ELECTORAL OFFENCES
WHETHER CERTAIN IRREGULARITIES PRINTED ON HOW-TO-VOTE CARDS ARE MISLEADING
COMMONWEALTH ELECTORAL ACT 1902, s.180
Mr Crouch has forwarded to the Electoral Office a card said to be circulated in Henty Division, in which the names of the candidates are printed in the following order (Mr Crouch's Christian name being also wrongly given as 'Robert' instead of 'Richard'):
Boyd, James Arthur
Andrews, Albert
Crouch, Robert Armstrong
A ttorney-General
A cross is marked in the square opposite Mr Boyd's name, and the card contains the words 'If you wish to vote for the Liberal Cause and the Liberal Candidates, vote thus'. Mr Crouch suggests that the misarrangement of the names, and the wrong spelling of his name, contravene section 180 (d) and (e) of the Electoral Act.

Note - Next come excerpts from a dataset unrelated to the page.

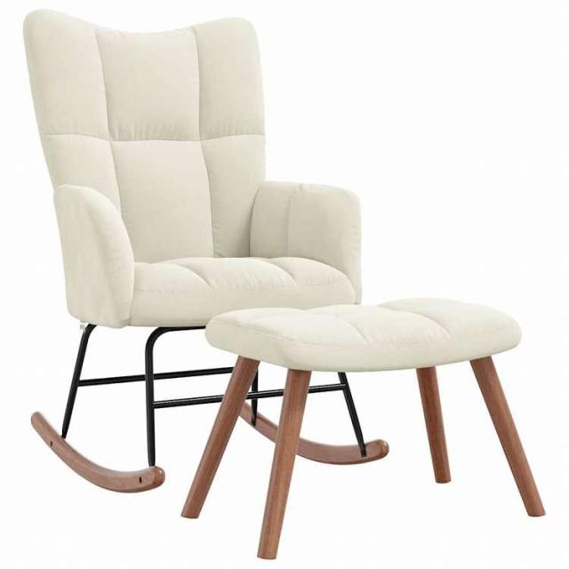 vidaXL ロッキングチェア スツール付 クリームホワイト ベルベット家具 チェア ロッキングチェア(代引不可)【送料無料】
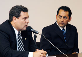O deputado Zezéu Ribeiro encerrou o evento agradecendo a presença e audiência de todos, informando que o objetivo do debate foi trazer a discussão do Nordeste para o âmbito nacional e que as perguntas que não foram respondidas por falta de tempo, poderiam ser encaminhadas para o e-mail sudene@camara.gov.br . "Da esquerda para direita: Wilson Lang (pres. do Confea) e o deputado João Paulo Cunha (pres. Câmara) - Dalmi Rodrigues"
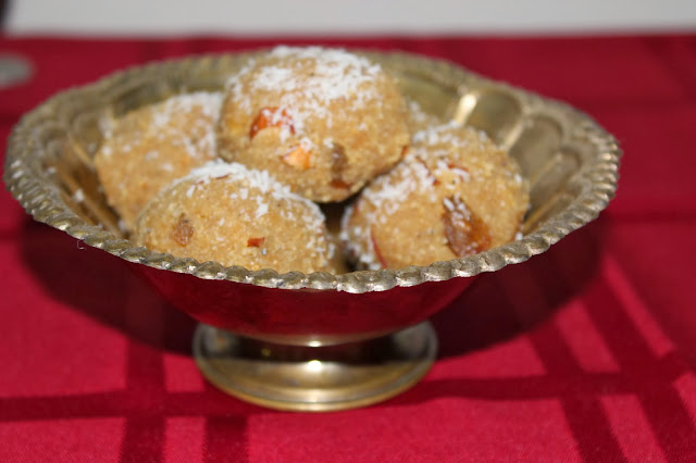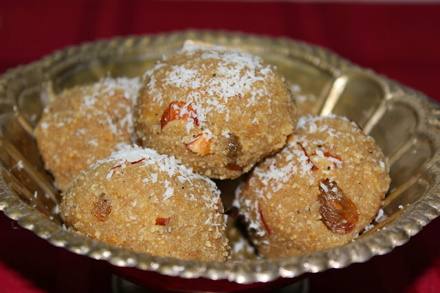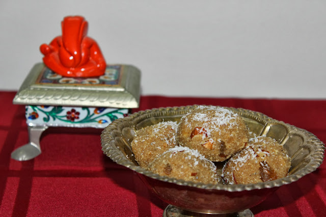 One more sweet dish / bhog dish. One of the family favorite. Ladoo / Ladu (in gujarati) made from a wheat flour semolina, Jaggery, nuts, and clarified butter (ghee). From my childhood I remember this dish made by my mom during Ganesh Utsav and many other occasions. This dish isnot only made in my family. But it's made by hundreds of families in Gujarat.
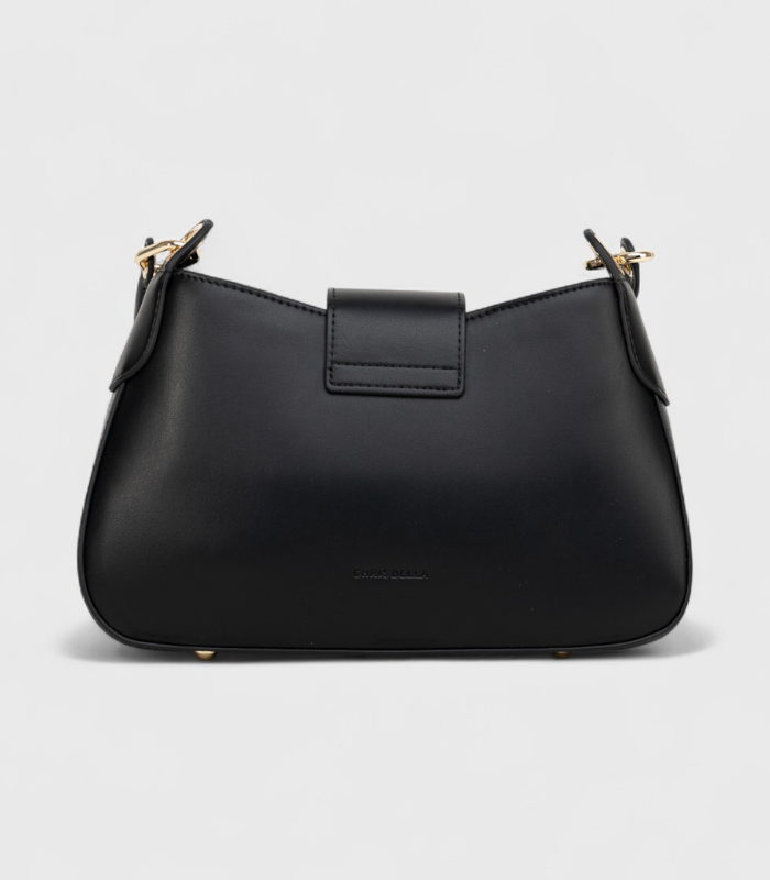 Ova bezvremenska baguette torbica u klasičnoj crnoj boji predstavlja esenciju urbanog stila i elegancije. Crni preklop naglašen je dominantnom zlatnom metalnom kopčom ovalnog oblika, koja stvara upečatljiv fokus. Savršena je za nošenje preko ramena i neizostavan je modni dodatak koji se besprijekorno uklapa u sve, od poslovnog do večernjeg looka.
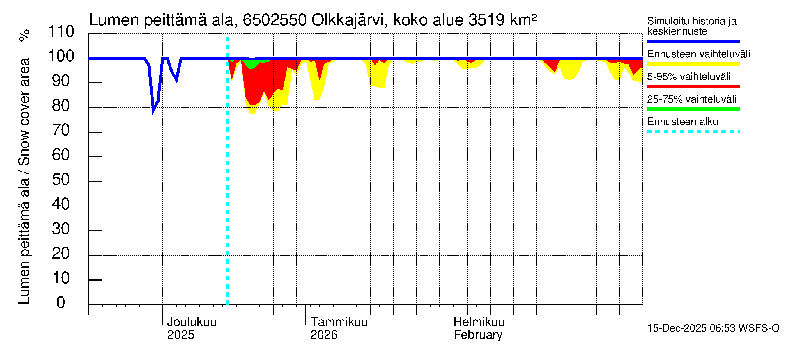 Kemijoen vesistöalue - Permantokoski: Lumen peittämä ala
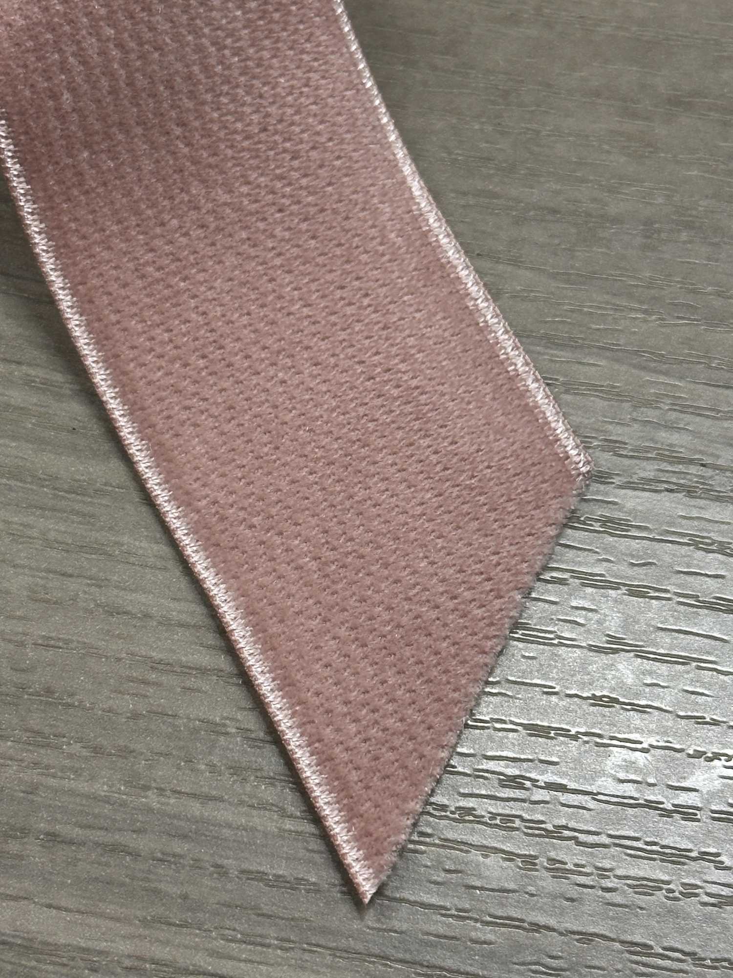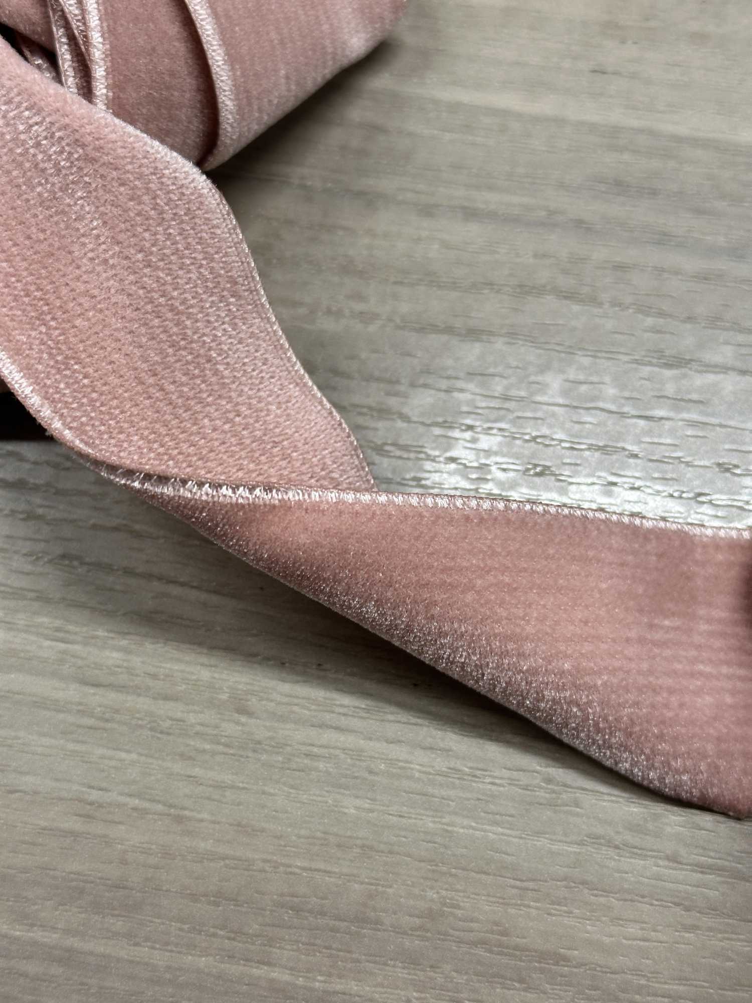 Beide Seiten sind aus Samt gefertigt, wodurch das Band genau die richtige Dicke erhält und eine starke Präsenz ausstrahlt. Es sähe toll aus, wenn es zur Betonung der Taille eines Kleides, als Schulterträger oder als dekoratives Band verwendet würde und so einen klassischen Look kreiert! Es hat eine matte Textur, daher kann man es natürlich auch für legere Anlässe verwenden. Ich bin begeistert, wenn ich die rosafarbene Nuance von C/#20 mit der Textur dieses Samts kombiniere.
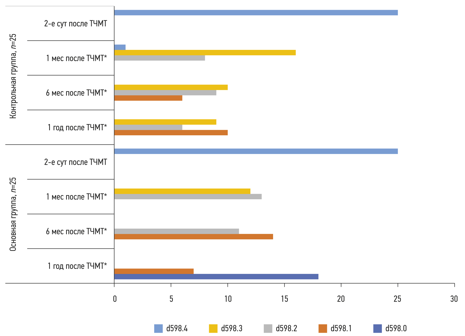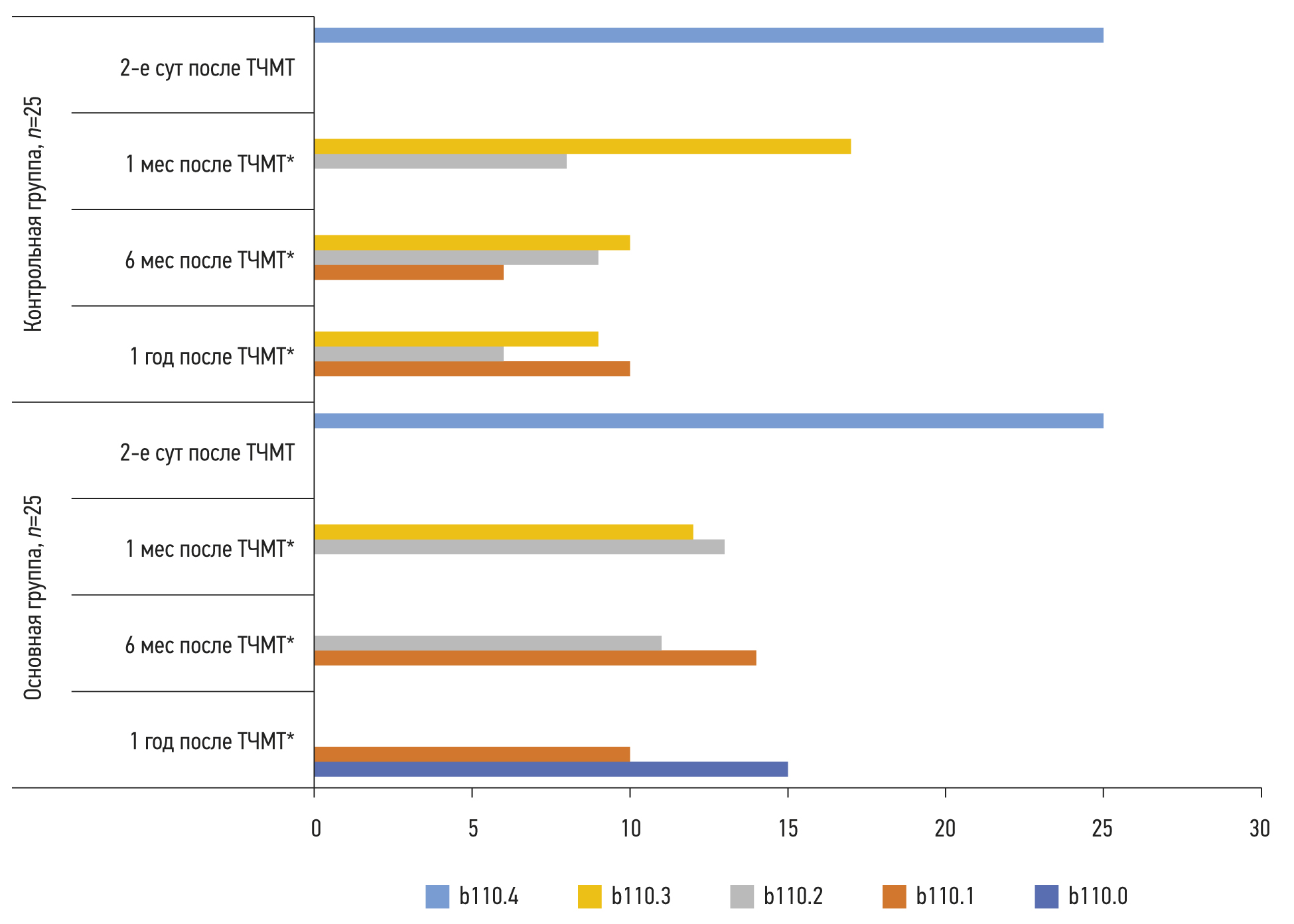 Примечание. * Различия показателей между основной и контрольной группами статистически значимы (p <0,05). ТЧМТ ― тяжёлая черепно-мозговая травма.
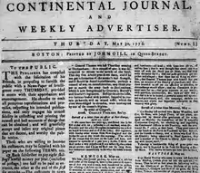 John Gill (1732–1785) was a printer in Boston, Massachusetts, in the 18th century.[1] With Benjamin Edes, he issued the Boston Gazette newspaper.[2] He later published the Continental Journal between 1776 and 1785.
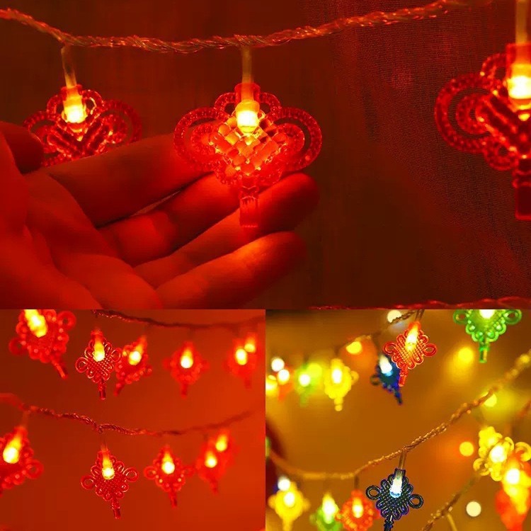 Lampu tali lentera LED lampu string dekorasi festival Musim Semi Tahun Baru lampu warna kecil meriah simpul Cina lampu gantung karakter fu bercahaya lampu berkedip
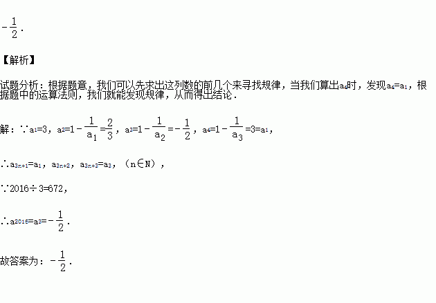 (2015秋•丹江口市期末)有一列数:a1,a2,a3,…,从第二个数开始,每一个数都等于1与它前面那个数的倒数的差,若a1=3,则a2016= .
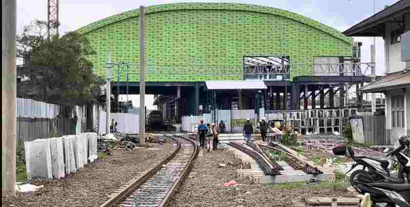 Terlihat juga pembangunan di sisi kanan dan kiri rel kereta api. Tempat penumpang menunggu kereta api juga masih dalam pembangunan. Meskipun pembangunan gedung baru masih berlanjut, tetapi penumpang selalu ramai memadati stasiun ini. Tak hanya adanya garis pembatas yang dipasang agar kenyamanan penumpang terjaga, namun petugas keamanan di stasiun pun terus memandu jalannya penumpang serta arahan yang membuat penumpang makin aman.
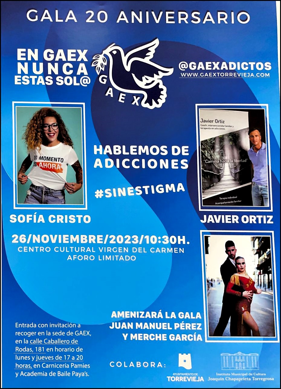Además el domingo 26 de Noviembre a las 10:30 horas, el Auditorio del Centro Cultural, se celebrará la» Gala 20 Aniversario de GAEX», que acogerá dos interesantes conferencias que correrán a cargo de la conocida Sofía Cristo, que tras su desintoxicación, se ha dedicado a trasmitir a los demás el peligro de las adiciones, siendo autora de varios libros sobre el tema, al igual de Javier Ortiz, que también ofrecerá una conferencia contando sus vivencias como adicto y exponiendo a los demás su método para alejarse de las diferentes adicciones.
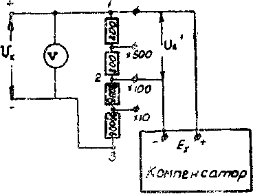 Рис. 7,9, Схема электрометрического компенсатора К подвижной обкладке прикреплено миниатюрное зеркальце. На неподвижные обкладки подается напряжение возбуждения UВ, что позволяет повысить чувствительность и возможность установки нуля показаний электрическим путем (при замкнутых зажимах Ux посредством переменного резистора R0). Принцип работы электрометрического компенсатора аналогичен работе гальванометрического компенсатора. При подключении измеряемого напряжения Ux подвижная часть электрометра Э повернется на некоторый угол, что приведет к перераспределению световых потоков, освещающих фоторезисторы ФRl и ФR2 к появлению тока компенсации Iк и соответственно напряжения UК, уравновешивающего измеряемое напряжение Ux. Подвижная часть электрометра будет отклоняться до тех пор, пока не наступит равенство напряжений Ux = UK. Так как сопротивление резистора обратной связи RK может быть незначительным, то ток Iк может быть сравнительно большим и измеряться микроамперметром. Входной ток компенсатора определяется токами утечки, поэтому он мал, а следовательно, входное сопротивление велико (1016 — 1017 Ом). Кроме измерителей напряжения строятся и высокочувствительные электрометрические измерители тока. ПРИМЕНЕНИЕ КОМПЕНСАТОРОВ ПОСТОЯННОГО ТОКА Компенсаторы, как было указано, способны измерять напряжение или э. д. с.; косвенным образом с их помощью можно измерять и ряд других электрических величин, таких, как ток, сопротивление, мощность, связанных с напряжением определенной зависимостью. Как приборы высокой точности, компенсаторы используются в измерительной технике в основном, для поверки измерительных приборов непосредственной оценки — амперметров, вольтметров, ваттметров. Целью поверки является нахождение основной погрешности прибора и установление степени его соответствия классу точности, указанному на шкале этого прибора. Кроме того, во многих случаях при лабораторных исследованиях, технических и промышленных измерениях также пользуются компенсационными схемами (либо для достижения высокой точности измерений, либо для выполнения измерения без отбора тока от объекта измерения). Ниже приведены схемы измерения основных электрических величин. Схема для измерения напряжения и э. д. с. Измеряемое напряжение Ux подводится к зажимам I—3, делителя напряжения (рис. VI-26). Поскольку величина Ux может меняться в больших пределах, достигая сотен и даже тысяч вольт, а компенсатор непосредственно способен измерять напряжение порядка (1ч2) в, между компенсатором и измеряемым напряжением включают делитель напряжения. На рисунке приведена схема делителя напряжения типа ДН-1, выпускаемого специально для компенсаторов. Измеряемое напряжение, на которое включен поверяемый вольтметр, целиком подводят к делителю напряжения, а к компенсатору—только часть этого напряжения. Напряжения; подводимое к делителю, Ux, и снимаемое с делителя к компенсатору, Ux , связаны между собой зависимостью:

The wrong statement of Mr Crouch's Christian name might conceivably mislead an elector into believing that Mr Richard A. Crouch was not the candidate; but in the absence of external evidence I do not think that a court would hold that it was 'intended or likely to mislead'.
The placing of Mr Boyd's name before Mr Andrews' is a more serious matter. It might easily lead a careless elector, when marking the actual ballot-paper to vote in a way different from that which he intended. I doubt, however, whether a prosecution would be successful.